Page 702 - e-KLIPING KETENAGAKERJAAN 6 OKTOBER 2020
P. 702
Pembahasan RUU yang meliputi 11 klaster ini dikebut oleh pemerintah dan DPR di tengah
berbagai penolakan yang muncul dari sejumlah elemen masyarakat sipil.
Tercatat, pembahasan RUU ini hanya memakan waktu tujuh bulan saja, sejak Presiden Jokowi
mengirimkan draf rancangan regulasi serta surat presiden ke DPR pada Februari lalu.
Bahkan, Badan Legislasi DPR menyetujui agar hasil pembahasan RUU ini dibawa ke rapat
paripurna pada Sabtu (3/10/2020) malam lalu.
Salah satu klaster pembahasan yang cukup banyak mendapat penolakan yaitu terkait klaster
ketenagakerjaan.
Konfederasi Serikat Pekerja Indonesia (KSPI) mencatat, setidaknya ada tujuh isu penting yang
menjadi dasar penolakan rencana pengesahan tersebut.
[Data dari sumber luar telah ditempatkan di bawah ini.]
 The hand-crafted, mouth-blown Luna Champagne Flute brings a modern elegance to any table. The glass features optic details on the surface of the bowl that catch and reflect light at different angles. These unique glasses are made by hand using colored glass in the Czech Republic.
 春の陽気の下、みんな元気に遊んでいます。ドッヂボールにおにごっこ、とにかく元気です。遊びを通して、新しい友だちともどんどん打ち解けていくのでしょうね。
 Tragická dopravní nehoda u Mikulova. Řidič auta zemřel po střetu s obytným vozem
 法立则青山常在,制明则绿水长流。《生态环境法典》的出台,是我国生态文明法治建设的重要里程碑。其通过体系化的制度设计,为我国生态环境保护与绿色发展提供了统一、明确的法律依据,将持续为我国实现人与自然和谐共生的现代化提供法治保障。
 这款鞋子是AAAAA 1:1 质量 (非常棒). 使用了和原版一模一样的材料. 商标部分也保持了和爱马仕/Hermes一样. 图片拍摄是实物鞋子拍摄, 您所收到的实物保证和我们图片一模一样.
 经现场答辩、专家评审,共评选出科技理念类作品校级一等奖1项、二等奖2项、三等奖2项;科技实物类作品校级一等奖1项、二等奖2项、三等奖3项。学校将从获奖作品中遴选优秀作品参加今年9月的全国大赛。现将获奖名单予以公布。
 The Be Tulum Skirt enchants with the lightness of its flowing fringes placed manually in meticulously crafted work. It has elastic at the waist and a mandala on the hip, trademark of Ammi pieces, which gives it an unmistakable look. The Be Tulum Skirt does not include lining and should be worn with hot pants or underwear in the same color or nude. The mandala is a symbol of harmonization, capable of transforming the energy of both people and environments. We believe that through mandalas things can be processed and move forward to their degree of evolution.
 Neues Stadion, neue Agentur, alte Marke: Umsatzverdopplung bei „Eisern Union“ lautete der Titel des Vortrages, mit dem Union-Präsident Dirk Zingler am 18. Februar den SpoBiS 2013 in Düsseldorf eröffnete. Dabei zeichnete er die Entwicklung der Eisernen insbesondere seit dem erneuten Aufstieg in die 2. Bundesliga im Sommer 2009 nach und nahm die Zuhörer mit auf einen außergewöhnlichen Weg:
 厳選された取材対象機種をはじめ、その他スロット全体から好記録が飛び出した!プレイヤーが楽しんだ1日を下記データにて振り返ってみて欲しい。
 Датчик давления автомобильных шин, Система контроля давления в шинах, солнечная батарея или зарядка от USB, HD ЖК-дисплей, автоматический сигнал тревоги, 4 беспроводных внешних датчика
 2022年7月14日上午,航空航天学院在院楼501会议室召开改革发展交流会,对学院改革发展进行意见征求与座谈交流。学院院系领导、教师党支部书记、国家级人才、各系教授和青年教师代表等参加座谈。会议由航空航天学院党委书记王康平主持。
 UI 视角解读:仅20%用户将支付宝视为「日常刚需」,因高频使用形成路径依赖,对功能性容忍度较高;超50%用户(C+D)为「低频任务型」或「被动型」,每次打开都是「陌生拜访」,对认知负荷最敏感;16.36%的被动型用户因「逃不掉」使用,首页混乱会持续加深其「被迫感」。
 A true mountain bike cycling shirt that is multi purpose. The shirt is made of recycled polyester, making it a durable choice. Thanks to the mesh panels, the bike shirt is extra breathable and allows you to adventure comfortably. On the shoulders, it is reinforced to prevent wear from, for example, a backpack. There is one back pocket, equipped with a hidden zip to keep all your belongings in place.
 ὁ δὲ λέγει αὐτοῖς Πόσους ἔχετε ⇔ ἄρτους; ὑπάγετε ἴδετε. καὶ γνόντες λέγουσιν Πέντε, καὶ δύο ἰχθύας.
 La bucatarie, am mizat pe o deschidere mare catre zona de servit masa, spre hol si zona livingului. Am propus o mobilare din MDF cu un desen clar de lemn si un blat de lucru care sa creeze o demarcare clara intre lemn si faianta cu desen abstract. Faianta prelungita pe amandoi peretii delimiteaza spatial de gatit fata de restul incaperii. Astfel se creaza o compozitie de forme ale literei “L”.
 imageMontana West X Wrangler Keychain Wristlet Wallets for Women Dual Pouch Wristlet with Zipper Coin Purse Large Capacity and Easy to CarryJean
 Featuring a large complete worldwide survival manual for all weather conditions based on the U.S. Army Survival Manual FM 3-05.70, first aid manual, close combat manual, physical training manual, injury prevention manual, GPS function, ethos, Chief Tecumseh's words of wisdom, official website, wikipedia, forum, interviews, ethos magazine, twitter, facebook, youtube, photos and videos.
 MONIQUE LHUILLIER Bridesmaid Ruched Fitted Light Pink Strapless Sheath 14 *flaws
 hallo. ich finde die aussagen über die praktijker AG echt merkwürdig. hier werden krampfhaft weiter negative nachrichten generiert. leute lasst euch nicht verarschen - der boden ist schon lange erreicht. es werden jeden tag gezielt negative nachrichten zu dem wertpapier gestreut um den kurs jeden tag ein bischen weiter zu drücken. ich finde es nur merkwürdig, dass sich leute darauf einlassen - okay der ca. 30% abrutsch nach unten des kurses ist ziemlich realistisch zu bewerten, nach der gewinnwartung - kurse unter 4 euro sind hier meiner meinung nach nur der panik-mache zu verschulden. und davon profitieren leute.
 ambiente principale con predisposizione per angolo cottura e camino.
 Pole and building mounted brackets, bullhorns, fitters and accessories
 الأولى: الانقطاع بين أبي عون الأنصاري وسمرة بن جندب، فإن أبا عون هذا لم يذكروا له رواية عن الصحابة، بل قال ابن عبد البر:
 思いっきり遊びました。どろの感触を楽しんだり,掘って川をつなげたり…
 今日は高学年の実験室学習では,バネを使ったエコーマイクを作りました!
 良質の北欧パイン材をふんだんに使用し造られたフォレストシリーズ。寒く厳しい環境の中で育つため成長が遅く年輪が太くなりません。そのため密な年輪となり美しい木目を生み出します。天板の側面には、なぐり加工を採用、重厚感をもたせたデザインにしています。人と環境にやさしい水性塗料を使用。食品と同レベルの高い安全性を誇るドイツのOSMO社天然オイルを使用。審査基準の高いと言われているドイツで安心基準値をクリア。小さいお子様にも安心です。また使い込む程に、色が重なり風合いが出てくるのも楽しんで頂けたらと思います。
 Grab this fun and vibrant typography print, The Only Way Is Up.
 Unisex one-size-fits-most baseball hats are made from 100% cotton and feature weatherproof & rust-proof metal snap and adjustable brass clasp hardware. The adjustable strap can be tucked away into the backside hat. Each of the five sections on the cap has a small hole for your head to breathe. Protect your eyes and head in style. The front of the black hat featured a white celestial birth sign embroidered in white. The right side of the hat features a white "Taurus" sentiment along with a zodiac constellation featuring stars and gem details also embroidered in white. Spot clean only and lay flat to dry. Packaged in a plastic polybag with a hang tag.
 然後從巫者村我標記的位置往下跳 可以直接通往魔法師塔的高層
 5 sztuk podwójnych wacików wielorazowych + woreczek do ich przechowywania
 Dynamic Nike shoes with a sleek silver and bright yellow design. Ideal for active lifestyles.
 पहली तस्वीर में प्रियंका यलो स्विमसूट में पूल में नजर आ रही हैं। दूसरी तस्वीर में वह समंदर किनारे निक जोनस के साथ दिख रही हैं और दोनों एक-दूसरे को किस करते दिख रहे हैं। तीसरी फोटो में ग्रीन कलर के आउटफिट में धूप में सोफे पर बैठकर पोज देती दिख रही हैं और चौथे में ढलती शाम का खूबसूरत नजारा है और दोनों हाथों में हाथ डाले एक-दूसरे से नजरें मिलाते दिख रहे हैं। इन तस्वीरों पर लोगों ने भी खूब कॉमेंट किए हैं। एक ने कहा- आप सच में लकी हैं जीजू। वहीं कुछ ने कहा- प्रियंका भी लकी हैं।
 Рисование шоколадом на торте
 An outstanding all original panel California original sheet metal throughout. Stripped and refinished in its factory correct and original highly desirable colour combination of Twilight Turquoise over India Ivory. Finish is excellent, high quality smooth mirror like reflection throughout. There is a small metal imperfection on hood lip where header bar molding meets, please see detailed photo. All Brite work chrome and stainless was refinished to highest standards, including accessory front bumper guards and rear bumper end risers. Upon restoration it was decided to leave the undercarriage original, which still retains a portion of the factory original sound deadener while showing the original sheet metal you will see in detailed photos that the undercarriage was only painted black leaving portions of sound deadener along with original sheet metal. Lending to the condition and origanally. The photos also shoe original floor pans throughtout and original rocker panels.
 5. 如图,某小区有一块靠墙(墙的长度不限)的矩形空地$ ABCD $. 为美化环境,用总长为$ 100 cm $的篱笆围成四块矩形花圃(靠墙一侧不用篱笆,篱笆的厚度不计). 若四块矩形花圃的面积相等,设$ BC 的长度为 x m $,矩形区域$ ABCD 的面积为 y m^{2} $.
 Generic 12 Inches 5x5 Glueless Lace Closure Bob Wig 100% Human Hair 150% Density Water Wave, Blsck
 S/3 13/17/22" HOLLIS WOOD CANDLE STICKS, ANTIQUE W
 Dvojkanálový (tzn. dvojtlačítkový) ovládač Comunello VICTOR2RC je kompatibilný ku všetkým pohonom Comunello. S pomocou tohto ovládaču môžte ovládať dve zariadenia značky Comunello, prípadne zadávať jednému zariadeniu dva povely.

Mulai dari rencana penghapusan Upah Minimum Sektoral (UMSK), pengurangan nilai pesangon,
Perjanjian Kerja Waktu Tertentu (PKWT) yang bisa terus diperpanjang, serta outsourcing seumur
hidup tanpa batasan jenis pekerjaan.
Kemudian, rencana jam kerja yang dinilai terlalu eksploitatif, hak cuti dan hak upah atas cuti,
serta tidak adanya jaminan pensiun dan kesehatan bagi karyawan kontrak dan outsourcing .
"Dari tujuh isu hasil kesepakatan tersebut, buruh menolak keras. Karena itulah, sebanyak 2 juta
buruh sudah terkonfirmasi akan melakukan mogok nasional yang berlokasi di lingkungan
perusahaan masing-masing," kata Presiden KSPI Said Iqbal dalam keterangan tertulis yang
diterima Kompas.com , Minggu (4/10/2020).
Menurut rencana, aksi mogok nasional akan diselenggarakan pada 6-8 Oktober mendatang.
Selain RUU Cipta Kerja , ada empat RUU lain yang sebelumnya telah disahkan menjadi UU
namun cukup menuai kontroversi. Berikut keempat RUU tersebut: UU Nomor 30 Tahun 2002
tentang Komisi Pemberantasan Korupsi secara resmi telah direvisi menjadi UU Nomor 19 Tahun
2019 tentang KPK pada 17 September 2019 lalu.
Sejak awal, rencana revisi UU tersebut selalu mendapat penolakan dari aktivis antikorupsi karena
dikhawatirkan melemahkan kinerja KPK.
Di era Presiden SBY, wacana revisi sempat muncul pada tahun 2010 dan 2012. Namun akhirnya
wacana tersebut mengendap.
Demikian halnya pada 2015 hingga 2017, wacana revisi tersebut kembali muncul. Bahkan, Badan
Keahlian DPR telah melakukan sosialisasi ke sejumlah perguruan tinggi terkait wacana tersebut.
Namun akhirnya, wacana itu mental kembali.
Hanya butuh sepekan bagi Jokowi memberi lampu hijau untuk merevisi UU tersebut.
Bak operasi senyap, Badan Legislasi DPR menetapkan pembahasan RUU tersebut sebagai usul
inisiatif DPR pada 5 September 2020.
Setelah itu, pembahasan dikebut. Baleg bahkan tidak pernah mempublikasikan rapat
pembahasan draf RUU.
Meski gelombang penolakan terus bergulir, pada akhirnya hasil revisi UU itu disahkan pada 17
September 2019.
UU Nomor 3 Tahun 2020 tentang Mineral dan Batubara yang disahkan pada 12 Mei lalu,
merupakan hasil revisi atas UU Nomor 4 Tahun 2009 tentang Minerba.